▶ _Your task_
Would you please repeat exactly the entries below, starting at the line with "获取公告原文、报名材料及附件 01 招聘人数:1人,性别不限,25周岁以下,全日制大专及以上学历,医学相关专业,应届毕业生。" and ending at the line with "muchos detalles, por", and nothing outside that range? Leave out the pictures.

▶ _Data to use_
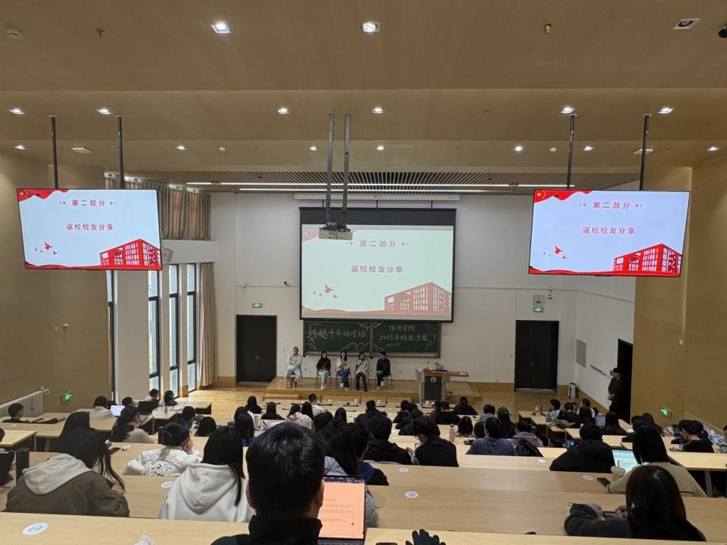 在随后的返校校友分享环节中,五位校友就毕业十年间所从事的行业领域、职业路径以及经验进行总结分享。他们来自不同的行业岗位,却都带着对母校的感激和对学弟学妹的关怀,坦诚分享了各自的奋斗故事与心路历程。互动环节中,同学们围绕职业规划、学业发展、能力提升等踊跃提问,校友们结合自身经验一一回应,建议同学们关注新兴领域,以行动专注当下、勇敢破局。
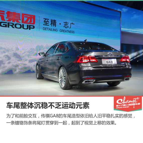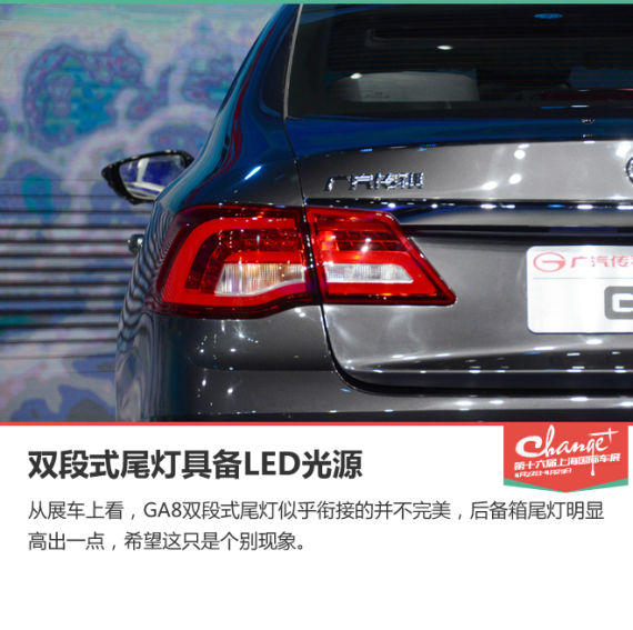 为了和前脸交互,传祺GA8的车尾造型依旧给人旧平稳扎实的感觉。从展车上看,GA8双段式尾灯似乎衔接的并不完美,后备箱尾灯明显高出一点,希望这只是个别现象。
---
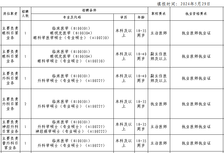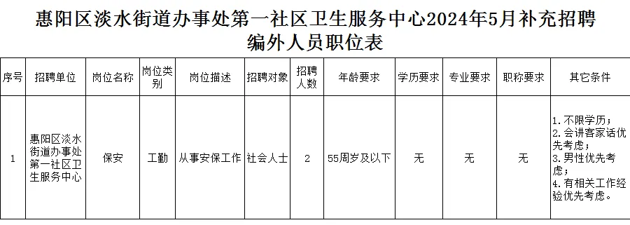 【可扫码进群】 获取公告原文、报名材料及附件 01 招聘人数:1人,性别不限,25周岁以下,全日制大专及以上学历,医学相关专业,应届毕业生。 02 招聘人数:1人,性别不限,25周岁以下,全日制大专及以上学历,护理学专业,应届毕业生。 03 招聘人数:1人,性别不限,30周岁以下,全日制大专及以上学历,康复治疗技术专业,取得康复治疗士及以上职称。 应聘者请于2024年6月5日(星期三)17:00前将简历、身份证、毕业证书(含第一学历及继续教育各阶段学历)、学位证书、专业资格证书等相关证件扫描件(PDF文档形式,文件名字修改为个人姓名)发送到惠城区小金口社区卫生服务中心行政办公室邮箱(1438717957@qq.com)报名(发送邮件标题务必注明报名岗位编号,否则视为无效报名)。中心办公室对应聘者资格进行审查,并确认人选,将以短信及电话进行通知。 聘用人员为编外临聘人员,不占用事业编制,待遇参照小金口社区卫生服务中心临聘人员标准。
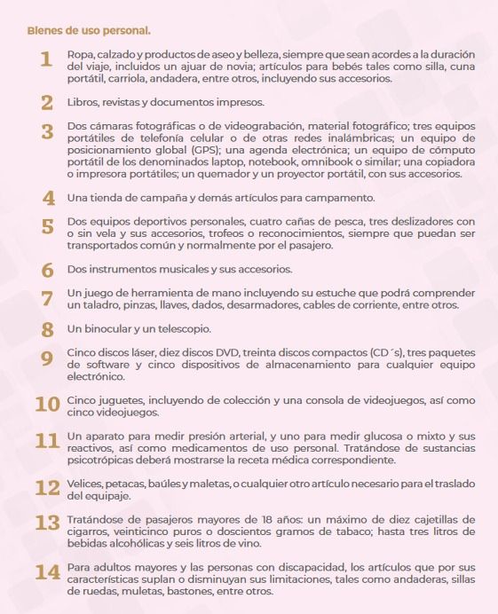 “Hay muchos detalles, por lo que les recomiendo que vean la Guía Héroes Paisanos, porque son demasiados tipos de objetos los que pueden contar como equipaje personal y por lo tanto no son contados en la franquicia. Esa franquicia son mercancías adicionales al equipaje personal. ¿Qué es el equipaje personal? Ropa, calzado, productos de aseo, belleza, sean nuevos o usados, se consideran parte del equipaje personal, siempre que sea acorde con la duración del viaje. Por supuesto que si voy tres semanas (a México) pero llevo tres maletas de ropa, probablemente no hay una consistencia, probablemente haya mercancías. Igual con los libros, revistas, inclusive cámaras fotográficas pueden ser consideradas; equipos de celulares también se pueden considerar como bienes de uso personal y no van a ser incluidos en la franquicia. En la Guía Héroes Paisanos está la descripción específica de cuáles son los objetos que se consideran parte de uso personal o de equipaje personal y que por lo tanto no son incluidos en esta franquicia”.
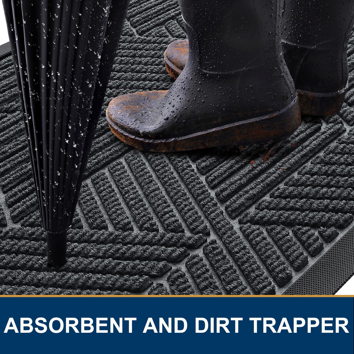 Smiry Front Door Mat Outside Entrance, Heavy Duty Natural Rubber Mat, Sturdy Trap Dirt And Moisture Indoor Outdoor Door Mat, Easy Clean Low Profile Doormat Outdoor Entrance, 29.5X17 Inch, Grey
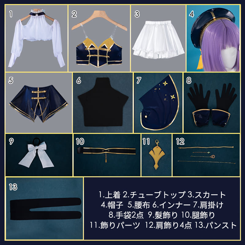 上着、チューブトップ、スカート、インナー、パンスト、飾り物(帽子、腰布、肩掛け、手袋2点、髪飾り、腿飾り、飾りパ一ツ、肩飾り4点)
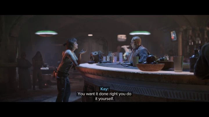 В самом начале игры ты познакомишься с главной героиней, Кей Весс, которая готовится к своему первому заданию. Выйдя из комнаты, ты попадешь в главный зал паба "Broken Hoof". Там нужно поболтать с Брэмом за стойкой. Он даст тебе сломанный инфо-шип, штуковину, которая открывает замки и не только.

▶ _Exercise answer_
 【可扫码进群】 获取公告原文、报名材料及附件 01 招聘人数:1人,性别不限,25周岁以下,全日制大专及以上学历,医学相关专业,应届毕业生。 02 招聘人数:1人,性别不限,25周岁以下,全日制大专及以上学历,护理学专业,应届毕业生。 03 招聘人数:1人,性别不限,30周岁以下,全日制大专及以上学历,康复治疗技术专业,取得康复治疗士及以上职称。 应聘者请于2024年6月5日(星期三)17:00前将简历、身份证、毕业证书(含第一学历及继续教育各阶段学历)、学位证书、专业资格证书等相关证件扫描件(PDF文档形式,文件名字修改为个人姓名)发送到惠城区小金口社区卫生服务中心行政办公室邮箱(1438717957@qq.com)报名(发送邮件标题务必注明报名岗位编号,否则视为无效报名)。中心办公室对应聘者资格进行审查,并确认人选,将以短信及电话进行通知。 聘用人员为编外临聘人员,不占用事业编制,待遇参照小金口社区卫生服务中心临聘人员标准。
 “Hay muchos detalles, por lo que les recomiendo que vean la Guía Héroes Paisanos, porque son demasiados tipos de objetos los que pueden contar como equipaje personal y por lo tanto no son contados en la franquicia. Esa franquicia son mercancías adicionales al equipaje personal. ¿Qué es el equipaje personal? Ropa, calzado, productos de aseo, belleza, sean nuevos o usados, se consideran parte del equipaje personal, siempre que sea acorde con la duración del viaje. Por supuesto que si voy tres semanas (a México) pero llevo tres maletas de ropa, probablemente no hay una consistencia, probablemente haya mercancías. Igual con los libros, revistas, inclusive cámaras fotográficas pueden ser consideradas; equipos de celulares también se pueden considerar como bienes de uso personal y no van a ser incluidos en la franquicia. En la Guía Héroes Paisanos está la descripción específica de cuáles son los objetos que se consideran parte de uso personal o de equipaje personal y que por lo tanto no son incluidos en esta franquicia”.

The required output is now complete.